Corver Willem E, Middeldorp Anneke, ter Haar Natalja T, Jordanova Ekaterina S, van Puijenbroek Marjo, van Eijk Ronald, Cornelisse Cees J, Fleuren Gert Jan, Morreau Hans, Oosting Jan, van Wezel Tom
Department of Pathology, Leiden University Medical Center, Leiden, the Netherlands.
Cancer Res. 2008 Dec 15;68(24):10333-40. doi: 10.1158/0008-5472.CAN-08-2665.
Chromosomal aberrations are a common characteristic of cancer and are associated with copy number abnormalities and loss of heterozygosity (LOH). Tumor heterogeneity, low tumor cell percentage, and lack of knowledge of the DNA content impair the identification of these alterations especially in aneuploid tumors. To accurately detect allelic changes in carcinomas, we combined flow-sorting and single nucleotide polymorphism arrays. Cells derived from archival cervical and colon cancers were flow-sorted based on differential vimentin and keratin expression and DNA content and analyzed on single nucleotide polymorphism arrays. A new algorithm, the lesser allele intensity ratio, was used to generate a molecular measure of chromosomal aberrations for each case. Flow-sorting significantly improved the detection of copy number abnormalities; 31.8% showed an increase in amplitude and 23.2% were missed in the unsorted fraction, whereas 15.9% were detected but interpreted differently. Integration of the DNA index in the analysis enabled the identification of the allelic state of chromosomal aberrations, such as LOH ([A]), copy-neutral LOH ([AA]), balanced amplifications ([AABB]), and allelic imbalances ([AAB] or [AAAB], etc.). Chromosomal segments were sharply defined. Fluorescence in situ hybridization copy numbers, as well as the high similarity between the DNA index and the allelic state index, which is the average of the allelic states across the genome, validated the method. This new approach provides an individual molecular measure of chromosomal aberrations and will likely have repercussions for preoperative molecular staging, classification, and prognostic profiling of tumors, particularly for heterogeneous aneuploid tumors, and allows the study of the underlying molecular genetic mechanisms and clonal evolution of tumor subpopulations.

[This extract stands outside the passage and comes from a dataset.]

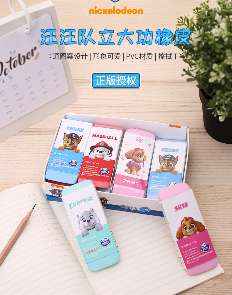 商品名称:得力71090,汪汪队立大功橡皮擦(1/12/192) 干净不留痕卡通可爱大橡皮 商品编号:11.13.01.71090 品牌:得力/deli 上架时间:2018-09-05 商品毛重:0克 如果您发现商品信息不准确,欢迎纠错;如果您发现有比51文具价格更低的,欢迎举报
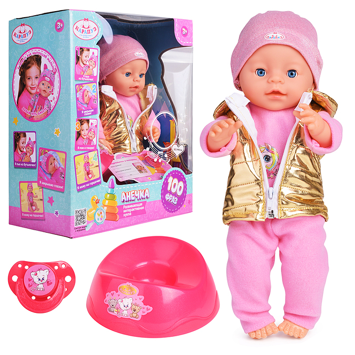 Пупс озвуч Шаинский музыка 40 см, пьет, писает, закр. глазки, 4 акс, 100 фраз

染色体畸变是癌症的一个常见特征,与拷贝数异常和杂合性缺失(LOH)相关。肿瘤异质性、低肿瘤细胞百分比以及对DNA含量的了解不足,尤其是在非整倍体肿瘤中,会妨碍对这些改变的识别。为了准确检测癌组织中的等位基因变化,我们将流式分选与单核苷酸多态性阵列相结合。从存档的宫颈癌和结肠癌中获取的细胞,根据波形蛋白和角蛋白表达差异、DNA含量进行流式分选,并在单核苷酸多态性阵列上进行分析。一种新的算法——较小等位基因强度比,用于为每个病例生成染色体畸变的分子测量值。流式分选显著提高了拷贝数异常的检测率;在未分选的部分中,31.8%的异常幅度增加,23.2%的异常被遗漏,而15.9%的异常虽被检测到但解读不同。在分析中整合DNA指数能够识别染色体畸变的等位基因状态,如杂合性缺失([A])、拷贝中性杂合性缺失([AA])、平衡扩增([AABB])以及等位基因失衡([AAB]或[AAAB]等)。染色体片段得到了清晰界定。荧光原位杂交拷贝数,以及DNA指数与等位基因状态指数(即全基因组等位基因状态的平均值)之间的高度相似性,验证了该方法。这种新方法提供了一种个体的染色体畸变分子测量方法,可能会对肿瘤的术前分子分期、分类和预后分析产生影响,特别是对于异质性非整倍体肿瘤,并允许研究肿瘤亚群的潜在分子遗传机制和克隆进化。